On Wednesday, 10 April 2019 at 10:18:35 UTC, H. S. Teoh wrote:
The functionality rocks, but the syntax is a horrendous hairball of inconsistencies and design-by-chance.

There's a little bit weird about it, but it makes sense.

I used to find it hard to even remember how it works, but then I had to describe it for the book and it all came together. Consider this.

Declaring a normal local variable:

---
int foo = 0;
---

We can generalize that to
---
Type_Name Local_Name Operator Initial_Value
---

Well, now, compare to the is expression:

---
is(typeof(func) Params == __parameters)
---


It is a bit of a stretch, but the general shape is the same. We can define the is expression generally to be:

is(Type_Name Local_Name Deconstruction_Pattern)


And then both Local_Name and Deconstruction_Pattern are optional.

This gives us all the forms from the website https://dlang.org/spec/expression.html#IsExpression (from point #5 there)

1: is(Type). This has the type, but left out the local name and deconstruction pattern. All it cares about is if the type exists.

2: is(Type : something). This deconstruction pattern, using :, means "can implicitly convert to something"

The deconstruction pattern mimics common ways of writing such types; class A : B {} defines a type A that can implicitly cast to B, so is(A : B) would pass and return true.

3: is(Type == something). This deconstruction pattern, using ==, just needs an exact match. It is probably the easiest one for people to remember.

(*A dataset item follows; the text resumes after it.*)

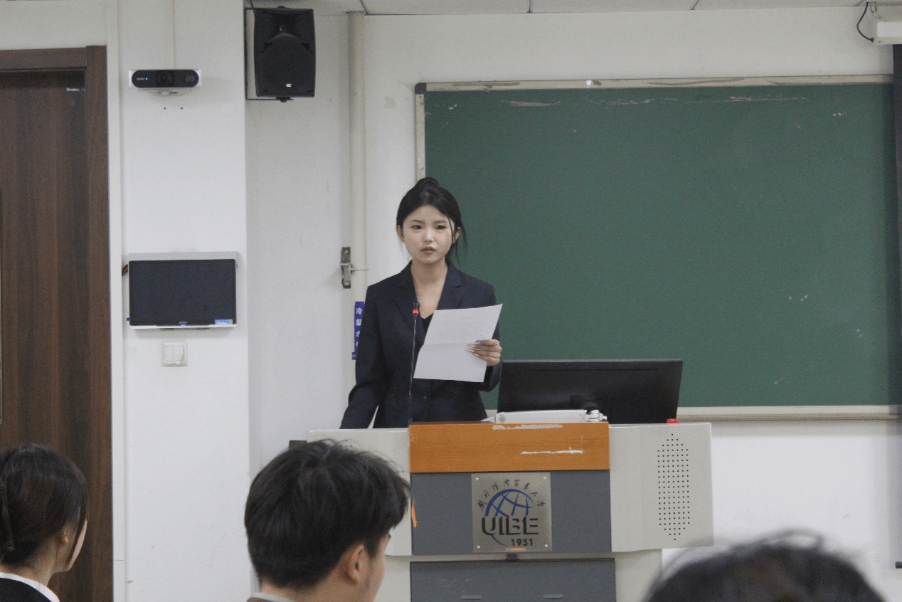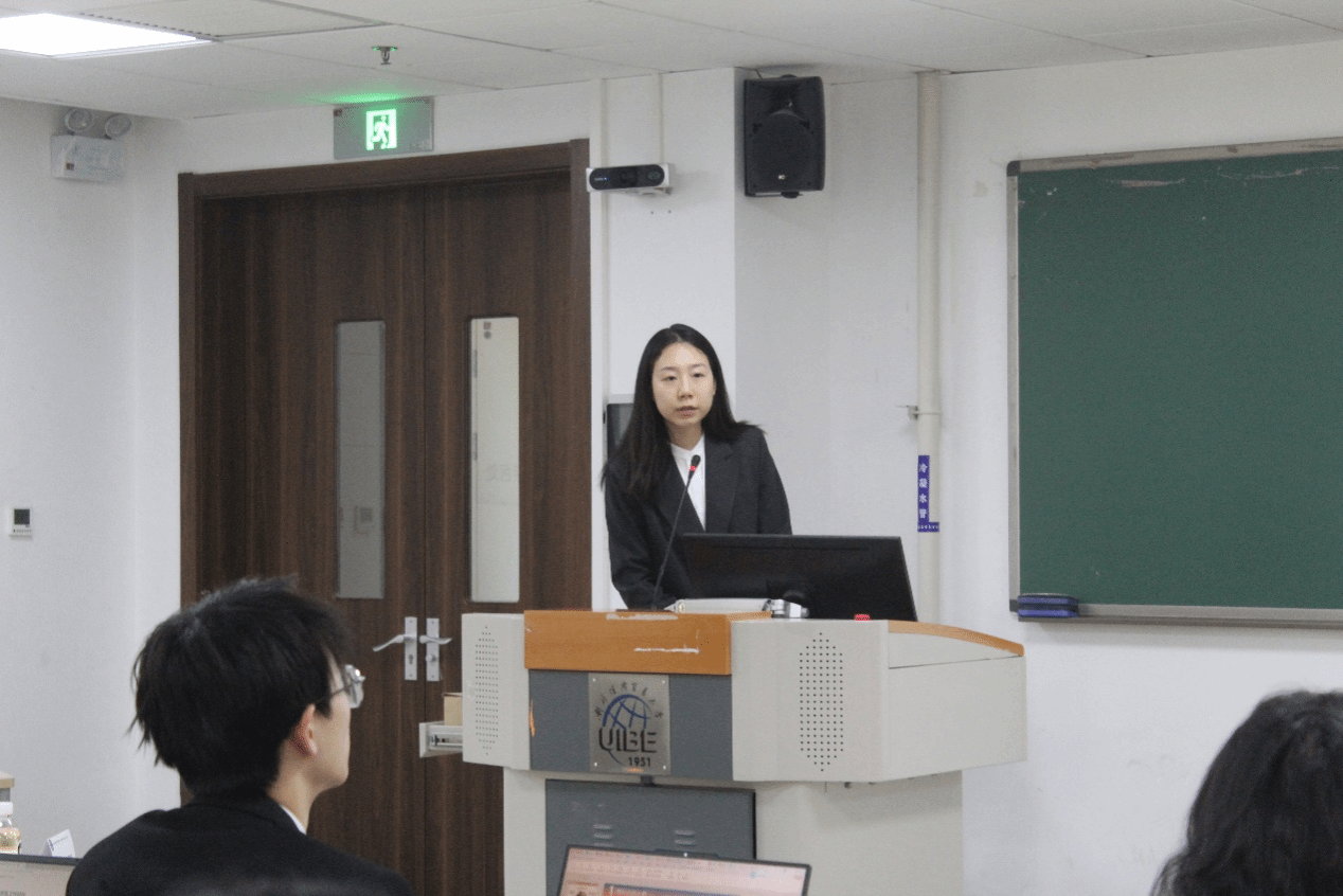 随后的发言环节中,十二所高校代表围绕组织建设、实践育人、品牌活动等内容展开深度分享。beat365官网研究生会主席团成员孟凡怡以“以‘职引’讲座与学术论坛搭建科研创新平台”为题分享“青创赋能”的北外经验。首先,介绍了beat365官网学生组织的基本架构与组织建设情况。其次,着重展示beat365官网研究生会在学术科研与创业创新方面的亮点学生活动,如“就业领航”系列讲座、“繁星计划”校友导师聘任、大型学术论坛协办、写作指导会等。最后,表达了对加强院校间合作的期待并展望法科学生活动不断优化。

4: is(Type Identifier). This skips the deconstruction pattern, meaning it is the most basic "this type must exist" check, but includes the local name.

Like with `int a;`, the name comes after the type.

5: is(Type Identifier : something). This is just #2 again, but including the optional local name.

6: is(Type Identifier == something). Just #3 including the optional local name.

At this point, the documentation also includes other deconstruction patterns, like the `class` keyword, etc. These are mostly very simple, but it is slightly magical in places because it can initialize Identifier to other thing.. but is that really weird?

int a = 10;

The value of a is dependent on the right side, and so is the Identifier here.

It looks totally wrong because it is using == here rather than =, so we intuitively think

is(A B == C)

is comparing B and C... but just rewrite in your brain that this is actually declaring a variable with a funky deconstruction initializer and it will make sense again.

So the whole `== C` part is the deconstruction pattern, and B is the variable being set to it. And being a deconstruction pattern, it is trying to pull layers off, so stuff like

is(MyClass Parents == super),

the ==super pattern is deconstructing its super keyword; its base classes.

Think of it not as comparison, but as matching a deconstruction pattern and it will make more sense.

I know its weird, but we can work with it. Let's move on:

7: This one has a lot of examples, but it really just expands on the deconstruction pattern. For example:

static if(is(int[10] == T[N], T, size_t N))

What's the pattern here?

== means use exact comparison, not implicitly converting comparison.

T[N] writes out a model of what the declaration is expected to look like.

Then commas separate the definitions of each placeholder variable, just as if they were template argument definitions. Same syntax, different location.

The one tricky thing is the compiler will not tell you when you malformed the pattern (for the most part), just nothing will happen to match it. So match it on some known quantity to test via static assert or something.

To use a complex pattern with the optional name:


static if(is(int[10] OriginalType == T[N], T, size_t N))

that's all the pieces together. Not so bad when you know how it breaks down.